Ashes to Ashes: Paintboxed?
Tra gli errori più frequenti che ormai si sono diffusi come un virus con gli articoli dedicati al making of di Ashes to Ashes, c’è l’ipotesi che la crew tecnica si sia servita di alcuni effetti di solarizzazione dell’immagine per ottenere i risultati più contrastati. Mallet in realtà si porta dietro la sperimentazione fatta con gli Hot Gossip, sempre per i video performativi realizzati in seno al Kenny Everett Show, e in particolare per la clip relativa a Supernature.
Le similitudini tra questo e il video di Bowie sono evidenti e riguardano le modalità con cui i valori cromatici del paesaggio vengono trasformati, grazie alle capacità del mixer video utilizzato dal regista inglese e diffuso in quegli anni. Niente a che vedere con le tecniche di solarizzazione.
L’altro errore è che il lavoro sia stato svolto con il Paintbox, dispositivo lanciato dalla Quantel nel 1981 e adottato dal broadcast britannico nel 1982, un anno dopo le sperimentazioni con il Flair, workstation pionieristica sviluppata grazie ad una collaborazione della Logica e del dipartimento tecnico della BBC situato a Kingswood Warren. Il Paintbox consentirà una modifica delle immagini televisive direttamente sullo schermo grazie ad un sistema hardware/software integrato totalmente autonomo. I sistemi integrabili della Quantel precedenti al Paintbox consentivano già, con minore versatilità, di creare e colorare il cielo di un’immagine pre-esistente mediante una palette, oppure di alterarne completamente i valori cromatici, mantenendo inalterati quelli di luminanza. Un esempio estensivo dell’utilizzo del Paintbox è tutta la produzione grafica di Max Headroom, la serie prodotta da BBC. Solo di un anno dopo gli esperimenti di videopittura che “Painting with light“, la serie televisiva prodotta dalla Griffin Productions e trasmessa da BBC 2 nel 1986, affiderà agli artisti Richard Hamilton, Howard Hodgkin, Larry Rivers, Sidney Nolan, Jennifer Bartlett e David Hockney. Il Paintbox si presenta come workstation completa, che integra un tablet touchpen per agire su segni e colori. Le capacità metamorfiche del sistema oltre a consentire la combinazione di sorgenti grafiche eterogenee adatte ad interagire con la tecnica del bluescreen, permettono di cambiare i colori illimitatamente basandosi sui principi luminosi e puntando alla saturazione del colore per oscurare l’immagine più che per esaltarne la brillantezza. Il Paintbox consente in quegli anni di intervenire “al volo” sulle immagini, anticipando la prassi del disegno su tablet e consentendo la gestione di una maggiore o minore opacità dell’immagine in relazione alla pressione della penna. La cornice tecnologica è ovviamente diversa dalle possibilità attuali, ma interpreta già l’evoluzione dell’immagine digitale in termini performativi. Il Paintbox consentiva inoltre la memorizzazione di effetti e l’accesso ad una libreria di preset con modalità per quegli anni del tutto innovative.
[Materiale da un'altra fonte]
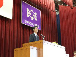 皆さんこんにちは。(中略)私は今日、とても楽しみに北中学校へ来ました。今も話がありましたが、やはり個人的には2・3年生の皆さんに会えるのが、とても楽しみという気持ちがありました。今、このように見ることができて、去年1年間北中でやったことがとても思い出されて、懐かしい気持ちでいっぱいです。(中略)本日皆さんに何か一つ話をしようかと思って、最近読んだ「生き方」という本の中にあった言葉を紹介したいと思います。この本には目標や夢を叶えるためには、そのことが鮮明にまたは明瞭にイメージできていないとその目標はなかなか叶うことは難しいと書いてありました。(中略)皆さんも目標や夢があると思いますので、イメージを鮮明に持てるように日々の生活を一所懸命に過ごしてもらって、これからの学校生活に生かしてもらいたいなと思います。本日は本当にありがとうございました。早稲田中の方で頑張りますので、皆さんも北中の方で頑張ってください。応援しています。

Come si evince da questo reel realizzato come demo per la prima generazione del Paintbox, quella degli anni ottanta, le caratteristiche del dispositivo orientano la grafica video verso un’esaltazione delle funzioni di compositing, aspetto che è presente in modo molto minimale nel video di Ashes to Ashes, più orientato al lavoro sul colore e la luce.
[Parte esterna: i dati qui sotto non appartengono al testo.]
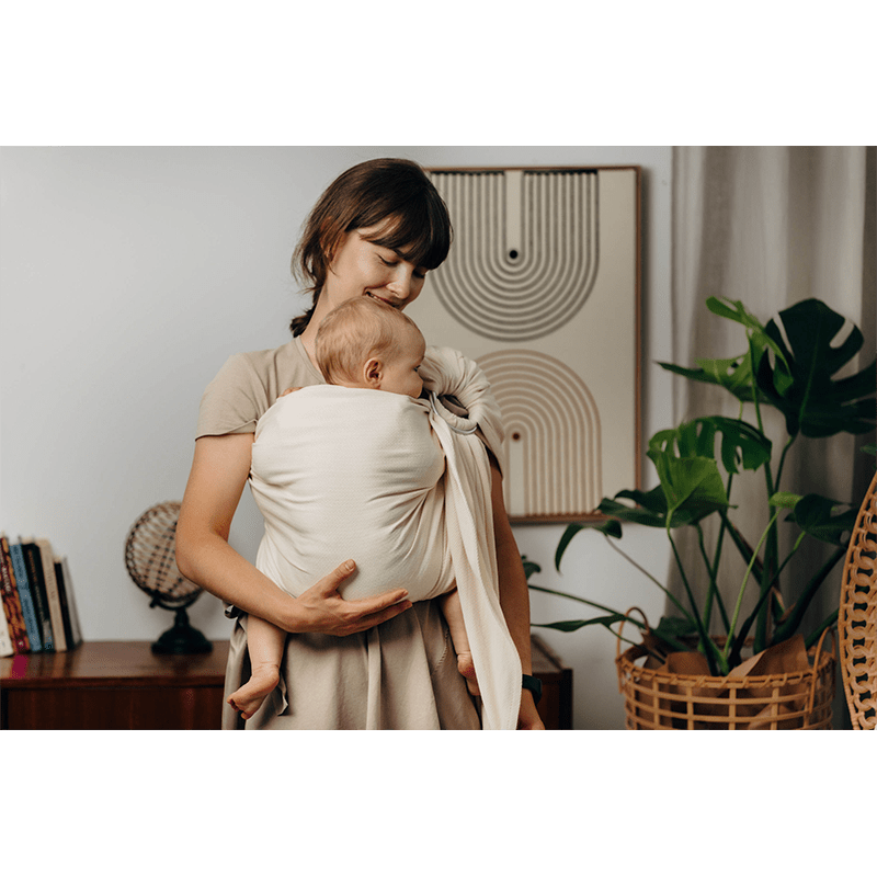 No tying necessary! Just put the sling through the rings, put the baby in the pouch and tighten. It is lightweight and takes up very little space.

Tutti questi aspetti sono comunque chiarissimi nel video ideato da Bowie-Mallet sei anni prima di “Painting with light” e concorrono a creare quel surrealismo pop che dominerà nei video musicali degli anni successivi prima che questi sostituiscano la giustapposizione di immagini illogiche con una tendenza più marcatamente narrativa. Proprio in questi termini il video di Ashes to Ashes rigetta l’uso mainstream della trasparenza televisiva servendosi di contrasti stridenti, effetti di video pittura consentiti dalla tecnologia del tempo, movimento e astrazione.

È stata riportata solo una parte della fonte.